> **DATA TO USE**:
⁂
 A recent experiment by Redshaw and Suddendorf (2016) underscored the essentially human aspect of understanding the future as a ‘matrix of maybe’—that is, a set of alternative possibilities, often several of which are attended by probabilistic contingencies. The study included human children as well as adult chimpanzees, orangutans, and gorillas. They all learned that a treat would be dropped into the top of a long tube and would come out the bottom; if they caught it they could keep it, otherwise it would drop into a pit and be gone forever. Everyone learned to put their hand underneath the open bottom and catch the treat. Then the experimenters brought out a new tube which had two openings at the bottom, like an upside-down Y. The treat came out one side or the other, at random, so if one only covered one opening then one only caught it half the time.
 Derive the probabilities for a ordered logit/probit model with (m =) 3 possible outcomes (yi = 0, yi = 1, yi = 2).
⁂
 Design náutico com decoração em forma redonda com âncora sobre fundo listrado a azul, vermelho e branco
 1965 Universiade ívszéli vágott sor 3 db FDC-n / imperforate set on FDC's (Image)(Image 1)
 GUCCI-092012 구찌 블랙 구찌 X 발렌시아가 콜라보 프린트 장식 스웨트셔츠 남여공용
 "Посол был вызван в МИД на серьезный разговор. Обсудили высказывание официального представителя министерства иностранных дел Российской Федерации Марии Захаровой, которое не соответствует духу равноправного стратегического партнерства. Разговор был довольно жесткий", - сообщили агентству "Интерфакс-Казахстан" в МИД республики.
⁂
> **ABOUT THIS EXERCISE**: Referring to the material above, set down exactly the lines between the line with "A recent experiment" and the line with "Derive the probabilities", inclusive, and no other lines.

> **RESPONSE TO THIS EXERCISE**:
 A recent experiment by Redshaw and Suddendorf (2016) underscored the essentially human aspect of understanding the future as a ‘matrix of maybe’—that is, a set of alternative possibilities, often several of which are attended by probabilistic contingencies. The study included human children as well as adult chimpanzees, orangutans, and gorillas. They all learned that a treat would be dropped into the top of a long tube and would come out the bottom; if they caught it they could keep it, otherwise it would drop into a pit and be gone forever. Everyone learned to put their hand underneath the open bottom and catch the treat. Then the experimenters brought out a new tube which had two openings at the bottom, like an upside-down Y. The treat came out one side or the other, at random, so if one only covered one opening then one only caught it half the time.
 Derive the probabilities for a ordered logit/probit model with (m =) 3 possible outcomes (yi = 0, yi = 1, yi = 2).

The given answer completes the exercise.